Баркарес по утрам пах хрустящими круассанами, морепродуктами и кофе. Солнечный свет обещал легкость, которой у меня внутри не было. Я шла по рынку, пытаясь впитать эту кажущуюся простоту.
– Bonjour, mademoiselle! – кивал рыбак.
– Ça va? – улыбалась мадам Клод, протягивая багет.
– Ah, la russe! L’artiste! – подмигивал старик у лотка с мидиями и улитками.
Я улыбалась в ответ. Легко. Непринужденно. Как будто моя душа не была изломана горем, а тело не помнило вчерашней дрожи на полу в темноте.
– Расскажи, что видишь за окном? Какая погода? – голос мамы, тихий, но ясный в один из тех редких «хороших» дней, прозвучал в голове, заглушая гомон. Я видела серый февральский Петербург, слякоть.
А я отвечала:
– Солнечно, мам! Птицы поют…
Моя рука лежала поверх ее руки. И это было самое страшное. Не слабость голоса. А руки. Те самые нежные руки… Теперь – сухие, тонкие, как папиросная бумага. Кожа – грубая. Я гладила их, пряча слезы, и чувствовала, как жизнь уходит, минута за минутой.

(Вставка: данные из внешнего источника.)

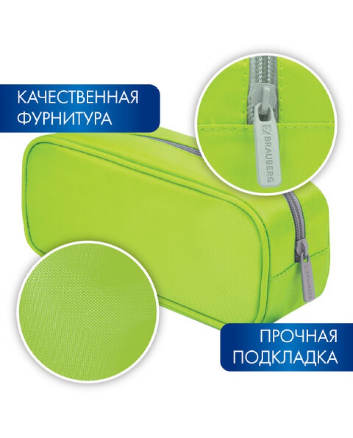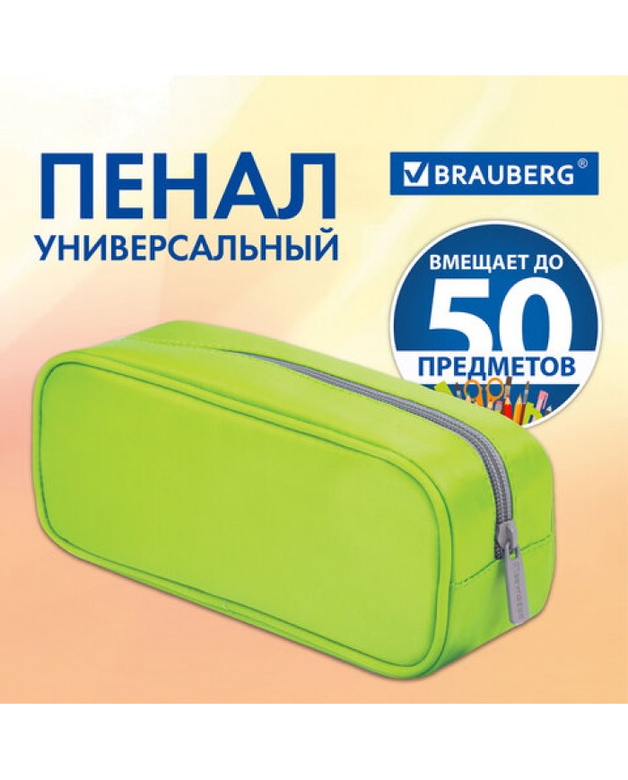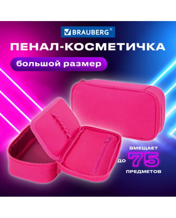 Пенал-косметичка BRAUBERG увеличенного объема выполнен из прочного полиэстера. Надежная молния оснащена металлическим бегунком. Пенал вмещает до 80 ка..
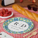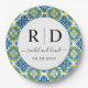 Blaue und gelbe Fliesen Hochzeitsplatte. Dieses charmante, mediterran inspirierte Hochzeitsdesign strahlt ein lebendiges und fröhliches Ambiente aus, das an die sonnigen italienischen Küsten erinnert. Das Design ist raffiniert und spielerisch und eignet sich perfekt für eine Feier, die die Wärme und Schönheit eines italienischen Sommers einfangen soll. Die Initialen des Paares und ihre Namen sind in einem runden Rahmen ordentlich platziert, sodass alle wesentlichen Details leicht lesbar und stilvoll präsentiert werden können. Die Abdeckung wurde unter Verwendung einiger Elemente von Freepik.com entworfen

Сейчас моя улыбка на рынке казалась такой же фальшью. Я кивала, брала продукты, а внутри была пустота, обтянутая пленкой притворства.
Вокруг доносились обрывки слов до моего воспаленного разума. Как чайки над волнами. Поначалу неразборчивые, потом – режущие слух.
–…Дюран? Да, после той трагедии… – мужской голос за спиной у лотка с сыром. Я замерла, делая вид, что выбираю козий сыр.
–…брат… вся история… – женский шепот.
–…и виноват-то… не факт, но… – мужчина снова, тише.
Кровь ударила в виски: «История? Брат? Виноват?» Этьен? Этот угрюмый… виновник чего? Сердце колотилось уже не от страха перед морем, а от леденящего любопытства и тревоги.
Вопрос появился к голове:
– Почему Клеманы ничего не сказали?
«Сам не свой», «замкнутый» – трагедия могла сделать такое?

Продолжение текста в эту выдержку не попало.